Thanks to a scholarship, Herrera traveled to the USSR to study at what is now the Peoples' Friendship University of Russia in Moscow, where she graduated with a degree in law. During her time at the Soviet university, she was recruited by an FSLN cell in 1968 to join the Nicaraguan guerrilla movement.

Her participation required military training, for which she traveled to Lebanon to be instructed by the Palestine Liberation Organization. In 1970, she began her return to Nicaragua, passing through Italy, Spain, Mexico, Guatemala, and Honduras, until in 1974, she joined Juan José Quezada's command.

Once integrated into the unit, she was given the noms de guerre "Vichy" and "Miriam" in order to protect her identity.

That same year, she was one of the leaders of Operation December Victory, an assault on President Somoza's residence in which senior government officials were taken hostage. As a result of this raid, there were negotiations between the Somoza regime and the guerrilla command that led to the exchange of the officials for FSLN political prisoners. Its success was an important political victory for the FSLN, although the Sandinista Revolution would not take place until almost five years later.

Throughout her participation in the Sandinista Front, where she spent 10 years in hiding, Herrera performed multiple tasks, including being responsible for security of Daniel Ortega after his return to Managua following his release.
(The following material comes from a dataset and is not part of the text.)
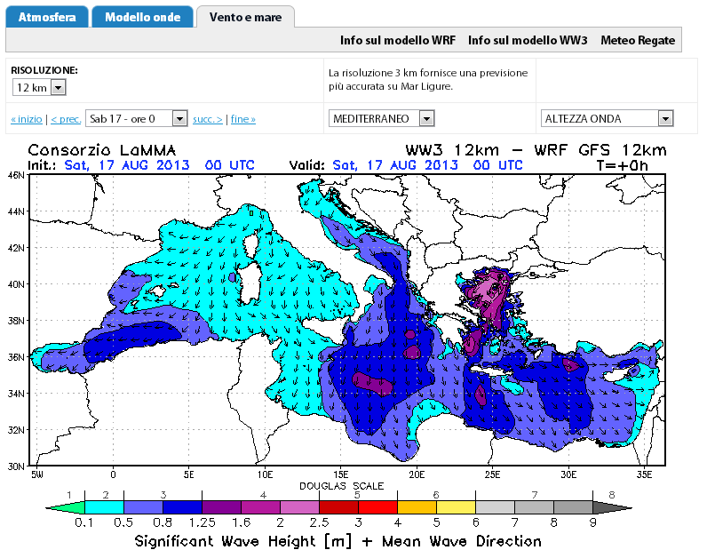 19/08/2013 - A causa di un problema tecnico, il modello Vento e Mare a risoluzione 12 Km innestato su dati WRF - GFS e il modello Onde, ad esso collegato, non hanno aggiornato le ultime corse. L'ultima corsa disponibile sul sito risulta quella delle 00.00 di sabato 17 agosto. Stiamo lavorando alla risoluzione del problema in modo che la corsa delle 12.00 UTC di oggi possa essere disponibile per la pubblicazione web entro il consueto orario delle 21.30. Ci scusiamo per il disagio.

A short time later, the politician would become the father of the second of Leticia's three children.

==Post-revolution==
With the triumph of the FSLN, Leticia Herrera was removed from military work and reassigned to carry out literacy and health campaigns of the new regime, aimed at reducing infant and maternal mortality in Nicaragua.

From 1985 to 1996, she was a deputy of the National Assembly of Nicaragua, and was its vice president from 1985 to 1990. She was head of the Sandinista Defense Committee, where she worked with regions, communities, and municipalities to develop brigades for health, literacy, and revolutionary vigilance.

In 2007, she was appointed by Ortega's government as consul of Nicaragua in Costa Rica, and was appointed consul in Panama in 2010.

She was head of the Directorate of Alternate Conflict Resolution (DiRAC) until her dismissal in 2014.

==Works==
- Guerrillera, mujer y comandante de la Revolución sandinista, memorias de Leticia Herrera (2013), Icaria, ISBN 9788498884944. A book in which the Nicaraguan offers her testimony and that of her companions about the transcendental role played by women in the armed conflict from a gender perspective.